The rural-urban divide was most evident as BJP lost district panchayats of Ahmedabad, Rajkot, Vadodara, Surat, Bhavnagar and Jamnagar even when it won the municipal corporations in the same cities. Apart from the stir by Patels, who gave a `defeat BJP' call, other factors including anti-incumbency, water for irrigation and minimum support prices added to woes of a party that lacks the Narendra Modi charm. Patidars inflicted a nasty dent in the party strongholds in Saurashtra and North Gujarat.
Rural Gujarat gave a ruthless wake-up call to the party which never lost an election during the Modi rule from 2001 to 2014. Senior ministers from Mehsana failed to salvage BJP in their home ground. Education minister Bhupendrasinh Chudasama and social justice and empowerment minister Ramanlal Vora suffered embarrassment with BJP routed in Ahmedabad, Sabarkantha and Aravalli. Vijay Rupani, the minister for transport and water supplies, failed to weather the Patidar storm in Rajkot.

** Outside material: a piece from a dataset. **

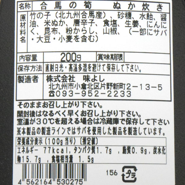 【原材料】竹の子(北九州合馬産)、砂糖、水飴、醤油、米ぬか、唐辛子、食塩、生姜、にんにく、昆布、粉からし、山椒、(一部にサバ・大豆・小麦を含む)
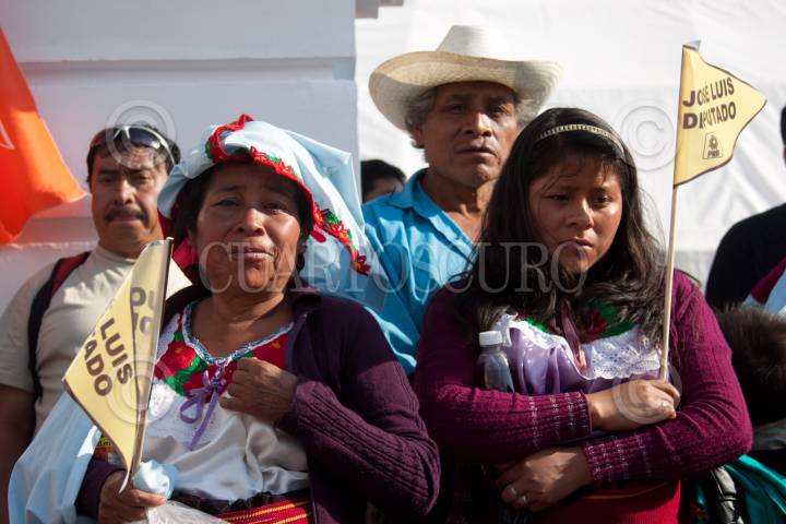 SAN CRISTÓBAL DE LAS CASAS, CHIAPAS, 04ABRIL2012.- Andrés Manuel López Obrador, candidato de las izquierdas mexicanas a la presidencia de la República, encabezó un mítin en la explanada municipal en el quinto día de su campaña. Al finalizar el evento saludó a los simpatizantes desde su vehículo conducido por Nicolás Mollinedo. FOTO: IVÁN STEPHENS /CUARTOSCURO.COM

BJP's experiment of fielding 500 Muslim candidates failed everywhere except in Una municipality where all its 10 minority community candidates won. In Una, its Muslim candidates gave BJP 35 out of 36 seats. Besides the 10 winners in Una, another Muslim BJP candidate, Sufiya Zaheed Dal won in RMC. In Ahmedabad, all four Muslim BJP candidates for AMC lost in three different Muslim-dominated constituencies, Jamalpur, Behrampura and Maktampura. The party did not field any Muslim candidate in Surat or Vadodara city.